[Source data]
________________
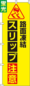 路面凍結スリップ注意【蛍光のぼり旗】0720022IN
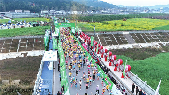绵阳新闻网讯 3月21日8时,随着发令枪响,四川省第六届和美乡村健康跑(村跑)暨“百城千乡万村(社区)”全民健身系列赛盐亭站在盐亭县中华龙凤谷游客中心鸣枪起跑,来自各地的2000余名参赛选手在春日暖阳中踏上乡野赛道,用脚步丈量乡村美景,感受乡村振兴的勃勃生机。
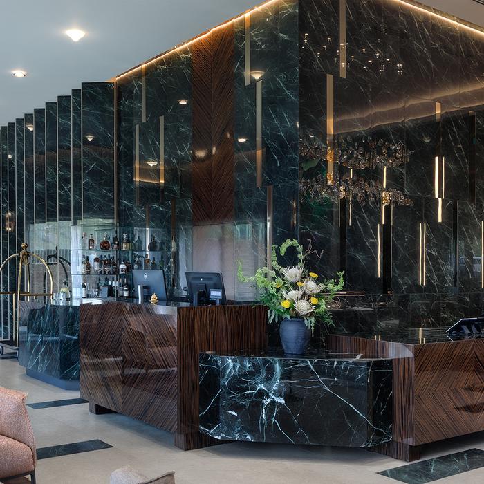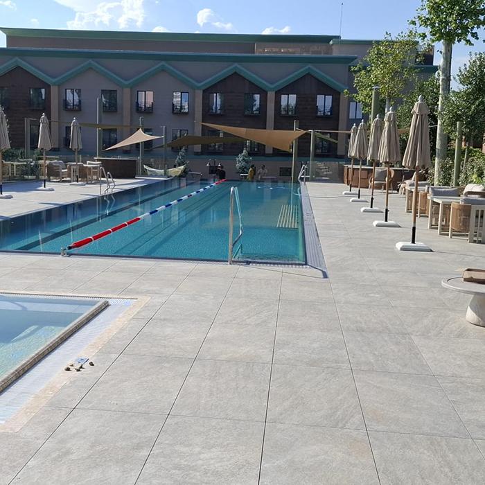 In questo contesto, le collezioni Emilgroup interpretano con versatilità la pluralità degli spazi: nella hall, l’accostamento delle collezioni di Emilceramica Mapierre e Tele di Marmo Revolution - Verde Saint Denis, conferisce carattere e identità all’area di accoglienza. Le superfici realizzate con Unique Travertine by Provenza, nella versione Vein Cut Cream, definiscono le aree wellness con eleganza contemporanea, mentre gli spazi intorno alla piscina esterna, rivestiti con Oros Stone by Ergon nella tonalità Grey, creano ambienti in cui prestigio e autenticità si fondono perfettamente.
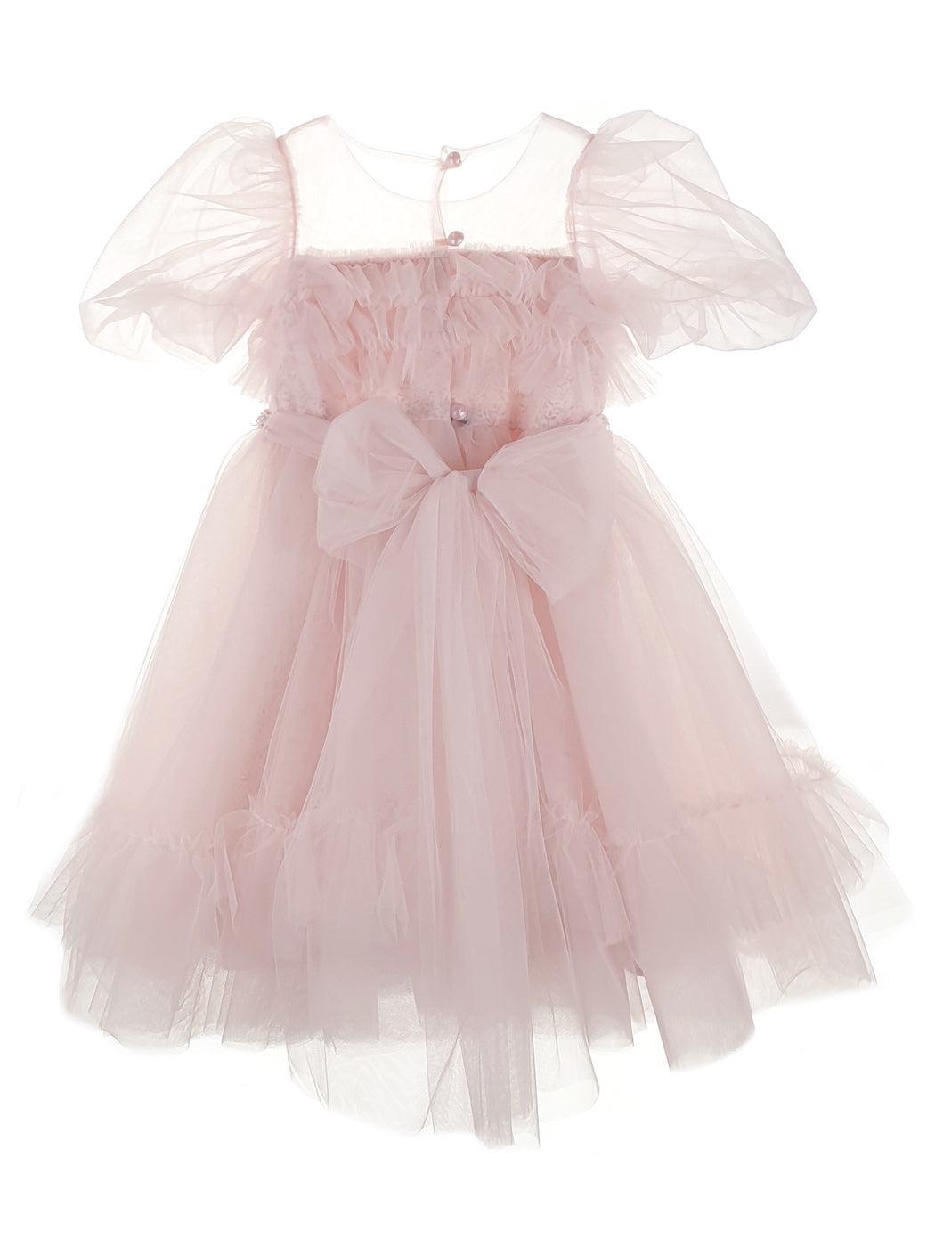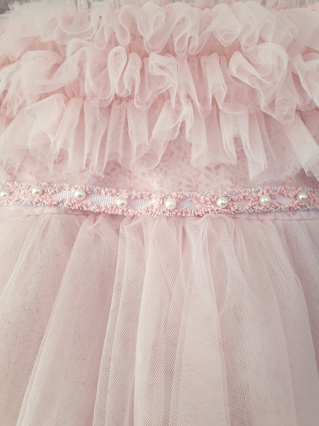 Romantic dress in baby pink color, made of Silk-touch tulle, with lovely Gigot sleeve, ruffles on the bust and the end of the skirt. It is decorated with a beautiful belt of pearls. Inner lining is 100% cotton. A stylish dress for special occasions.
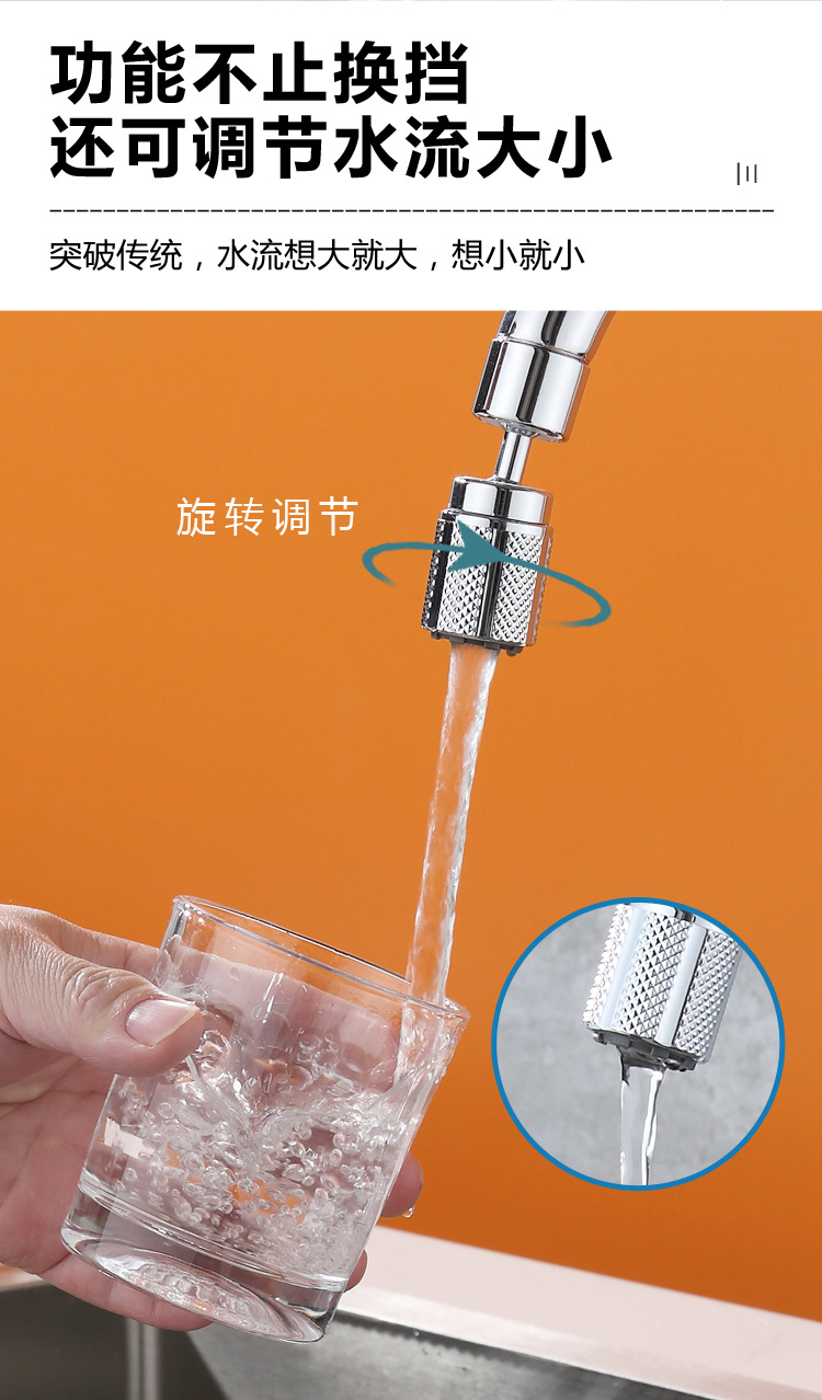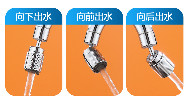 台所の蛇口は水のしぶきを防ぐ神器の自在回転を延長して水の増圧を調整します。
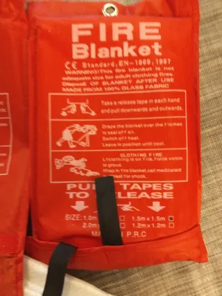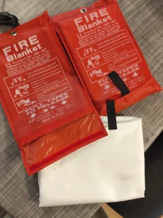 Se venden dos mantas ignífugas de 1.5m x 1.5m, ideales para pequeños incidentes comúnmente utilizada en cocinas . Material: Está fabricada con 100% fibra de vidrio resistente a altas temperaturas. Funcionamiento: Funciona sofocando el fuego al cortar el suministro de oxígeno. Seguridad: Cumple con la norma europea EN 1869:1997 para la seguridad contra incendios. Uso: Se despliega tirando de las cintas hacia abajo y cubriendo el fuego por completo. *Envío rápido ,ver fotos .*
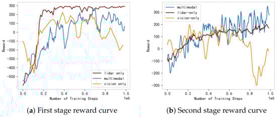 In this section, the PPO algorithm is used for multimodal fusion training, comparing the reward curves of using LiDAR data only, segmented image data only, and the multimodal fusion algorithm proposed in this paper, in addition to the robot’s state information. Using the curriculum learning approach, in the first phase, the training environment only contains static obstacles. The training results are shown in Figure 7a.
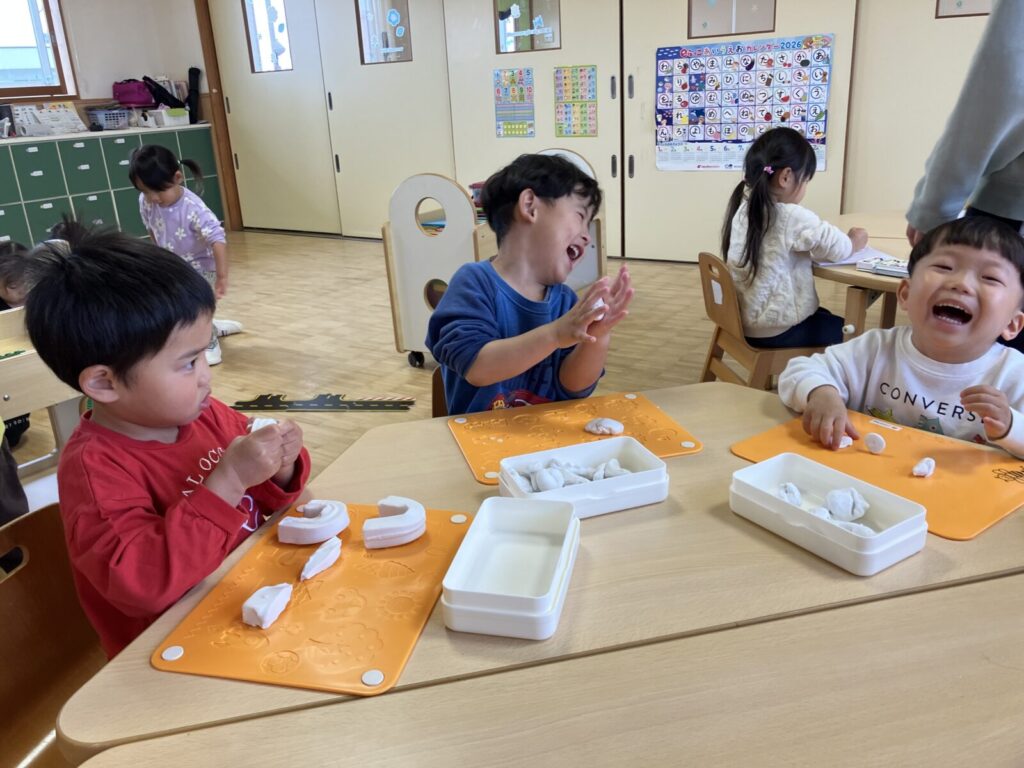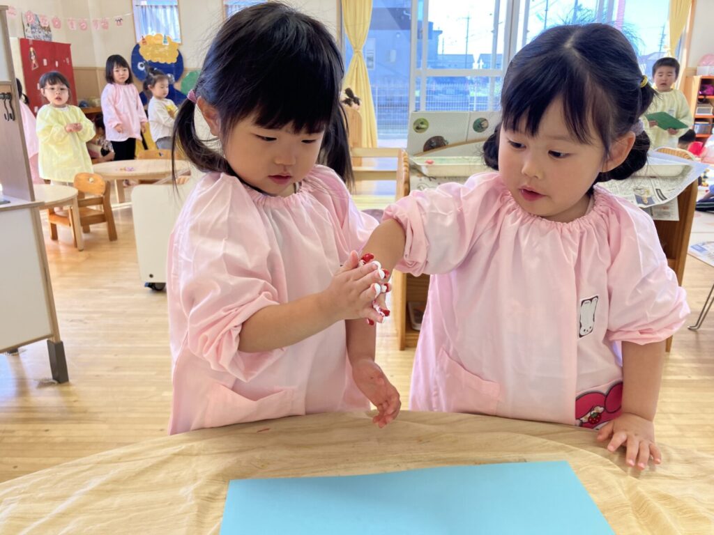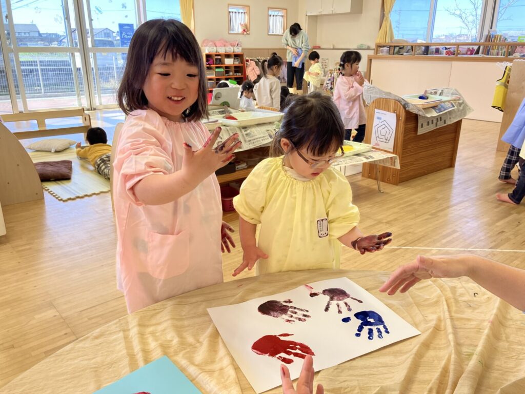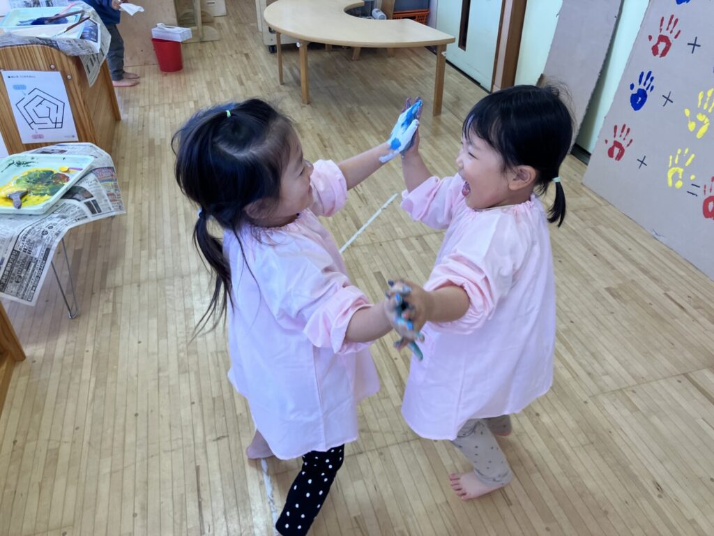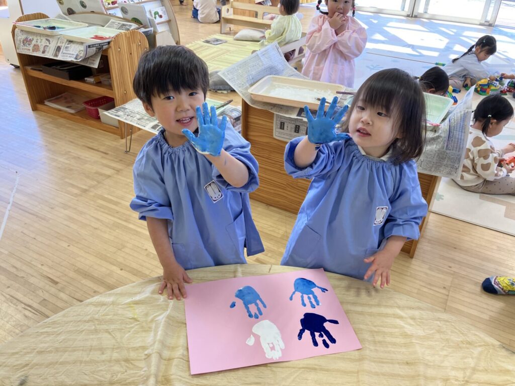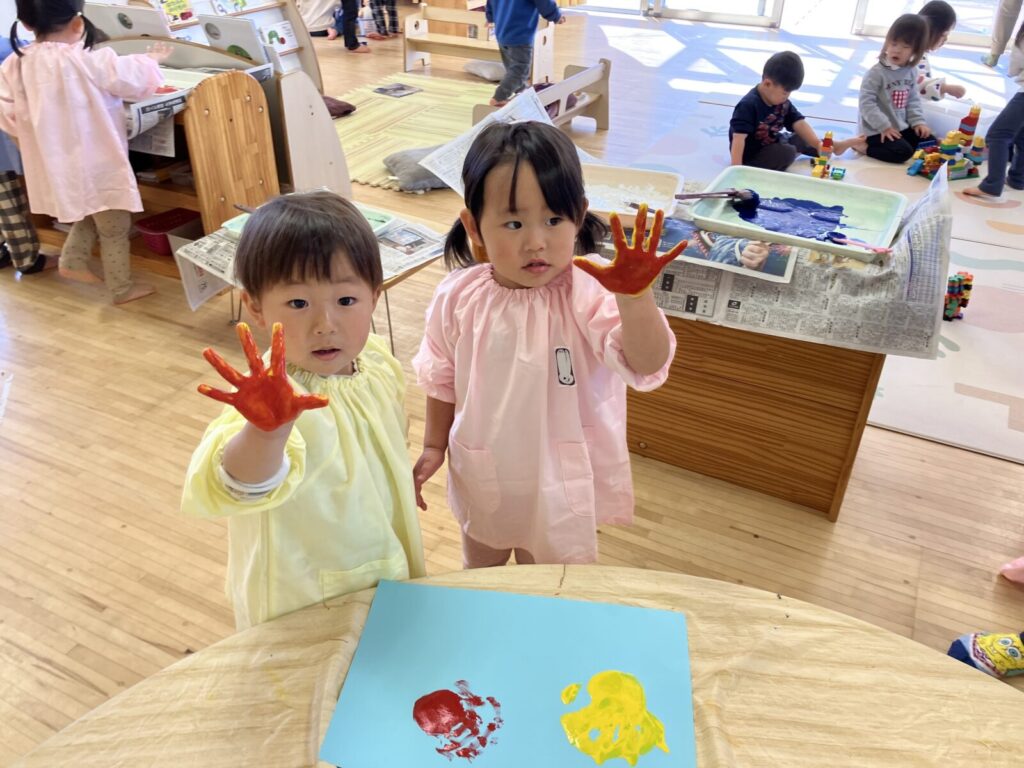 「♪赤、白、混ぜたら混ぜたら何色なるかな?」と歌に合わせてお友達と手を合わせ、手に付けた絵の具の色が変わる様子や、お友達と手を合わせる楽しさに笑顔がいっぱい👍楽しく遊んだ子どもたちです。
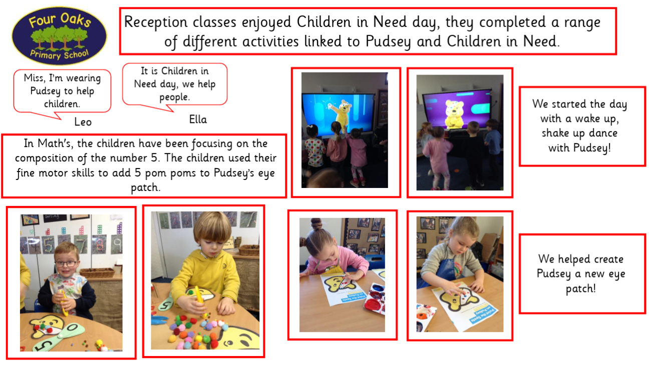 We want our children to use the vibrancy of our great city and surrounding areas to learn from other cultures, respect diversity, co-operate with one another and appreciate what they have. We achieve this by providing a strong SMSC curriculum, with Four Oaks’ British ‘Golden’ Values at the heart of everything we do. This feeds strongly into the PSHE curriculum. For example, our pupils are encouraged to celebrate nationally recognised themed days and Four Oaks celebrate and raise awareness for as many charities as we can. In November, the children raised awareness for Children in Need. In December, the children celebrated Christmas Jumper Day for ‘Save the Children UK.’ Last October, we celebrated World Mental Health as a week-long focus and we had a different theme each day. We had ‘Mindfulness Monday’, ‘Talking Tuesday’, ‘Wiggle Wednesday’, ‘Thinking Thursday’ and ‘Funny Friday’. We explored different ways in which we can improve our mental well-being whether it was through movement, meditation, laughter, or by sharing our thoughts and feelings.
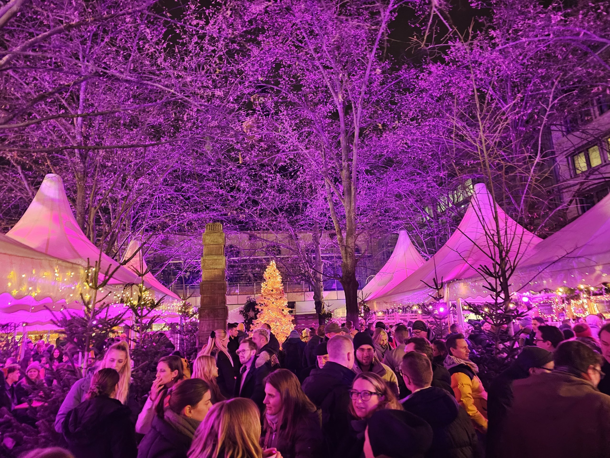 - ✅ La mayoría ambiente navideño con un árbol y un gran número de puestos de vino caliente
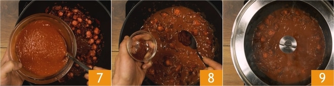 Lorsque l'eau libérée par le poulpe s'est évaporée, versez la purée de tomates 7 et le concentré 8, mélangez bien et couvrez avec le couvercle 9. Cuisez pendant une bonne heure à feu doux, en ajoutant si nécessaire un peu d'eau chaude.
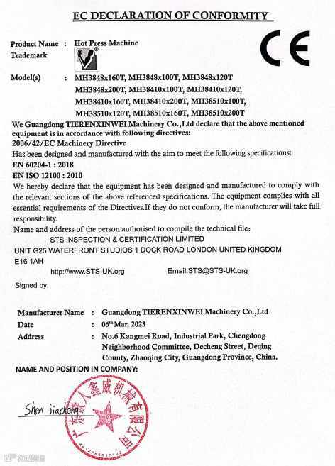C04 热压机 Declaration of conformity
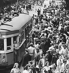 Convertible cars, in fashion at the time of the storm, also sustained severe damage, mainly punctures to the soft-top roofs, and trams that ran through the eastern suburbs at the time also suffered damage.[7][13] According to veteran meteorologist Richard Whitaker, "Sydney was staggered by the enormity of the incident, as there had not been even a remotely similar storm in living memory".[4] The problems were exacerbated due to a lack of building materials available for use in repair work, a result of the Second World War which had concluded only 18 months prior. This contributed to the delays which resulted in houses still covered with only temporary tarpaulins several years later.[4]
________________
(What you should do)
Give all the lines above again, character for character, without pictures.

(Written answer)
 路面凍結スリップ注意【蛍光のぼり旗】0720022IN
绵阳新闻网讯 3月21日8时,随着发令枪响,四川省第六届和美乡村健康跑(村跑)暨“百城千乡万村(社区)”全民健身系列赛盐亭站在盐亭县中华龙凤谷游客中心鸣枪起跑,来自各地的2000余名参赛选手在春日暖阳中踏上乡野赛道,用脚步丈量乡村美景,感受乡村振兴的勃勃生机。
 In questo contesto, le collezioni Emilgroup interpretano con versatilità la pluralità degli spazi: nella hall, l’accostamento delle collezioni di Emilceramica Mapierre e Tele di Marmo Revolution - Verde Saint Denis, conferisce carattere e identità all’area di accoglienza. Le superfici realizzate con Unique Travertine by Provenza, nella versione Vein Cut Cream, definiscono le aree wellness con eleganza contemporanea, mentre gli spazi intorno alla piscina esterna, rivestiti con Oros Stone by Ergon nella tonalità Grey, creano ambienti in cui prestigio e autenticità si fondono perfettamente.
 Romantic dress in baby pink color, made of Silk-touch tulle, with lovely Gigot sleeve, ruffles on the bust and the end of the skirt. It is decorated with a beautiful belt of pearls. Inner lining is 100% cotton. A stylish dress for special occasions.
 台所の蛇口は水のしぶきを防ぐ神器の自在回転を延長して水の増圧を調整します。
 Se venden dos mantas ignífugas de 1.5m x 1.5m, ideales para pequeños incidentes comúnmente utilizada en cocinas . Material: Está fabricada con 100% fibra de vidrio resistente a altas temperaturas. Funcionamiento: Funciona sofocando el fuego al cortar el suministro de oxígeno. Seguridad: Cumple con la norma europea EN 1869:1997 para la seguridad contra incendios. Uso: Se despliega tirando de las cintas hacia abajo y cubriendo el fuego por completo. *Envío rápido ,ver fotos .*
 In this section, the PPO algorithm is used for multimodal fusion training, comparing the reward curves of using LiDAR data only, segmented image data only, and the multimodal fusion algorithm proposed in this paper, in addition to the robot’s state information. Using the curriculum learning approach, in the first phase, the training environment only contains static obstacles. The training results are shown in Figure 7a.
 「♪赤、白、混ぜたら混ぜたら何色なるかな?」と歌に合わせてお友達と手を合わせ、手に付けた絵の具の色が変わる様子や、お友達と手を合わせる楽しさに笑顔がいっぱい👍楽しく遊んだ子どもたちです。
 We want our children to use the vibrancy of our great city and surrounding areas to learn from other cultures, respect diversity, co-operate with one another and appreciate what they have. We achieve this by providing a strong SMSC curriculum, with Four Oaks’ British ‘Golden’ Values at the heart of everything we do. This feeds strongly into the PSHE curriculum. For example, our pupils are encouraged to celebrate nationally recognised themed days and Four Oaks celebrate and raise awareness for as many charities as we can. In November, the children raised awareness for Children in Need. In December, the children celebrated Christmas Jumper Day for ‘Save the Children UK.’ Last October, we celebrated World Mental Health as a week-long focus and we had a different theme each day. We had ‘Mindfulness Monday’, ‘Talking Tuesday’, ‘Wiggle Wednesday’, ‘Thinking Thursday’ and ‘Funny Friday’. We explored different ways in which we can improve our mental well-being whether it was through movement, meditation, laughter, or by sharing our thoughts and feelings.
 - ✅ La mayoría ambiente navideño con un árbol y un gran número de puestos de vino caliente
 Lorsque l'eau libérée par le poulpe s'est évaporée, versez la purée de tomates 7 et le concentré 8, mélangez bien et couvrez avec le couvercle 9. Cuisez pendant une bonne heure à feu doux, en ajoutant si nécessaire un peu d'eau chaude.
C04 热压机 Declaration of conformity
 Convertible cars, in fashion at the time of the storm, also sustained severe damage, mainly punctures to the soft-top roofs, and trams that ran through the eastern suburbs at the time also suffered damage.[7][13] According to veteran meteorologist Richard Whitaker, "Sydney was staggered by the enormity of the incident, as there had not been even a remotely similar storm in living memory".[4] The problems were exacerbated due to a lack of building materials available for use in repair work, a result of the Second World War which had concluded only 18 months prior. This contributed to the delays which resulted in houses still covered with only temporary tarpaulins several years later.[4]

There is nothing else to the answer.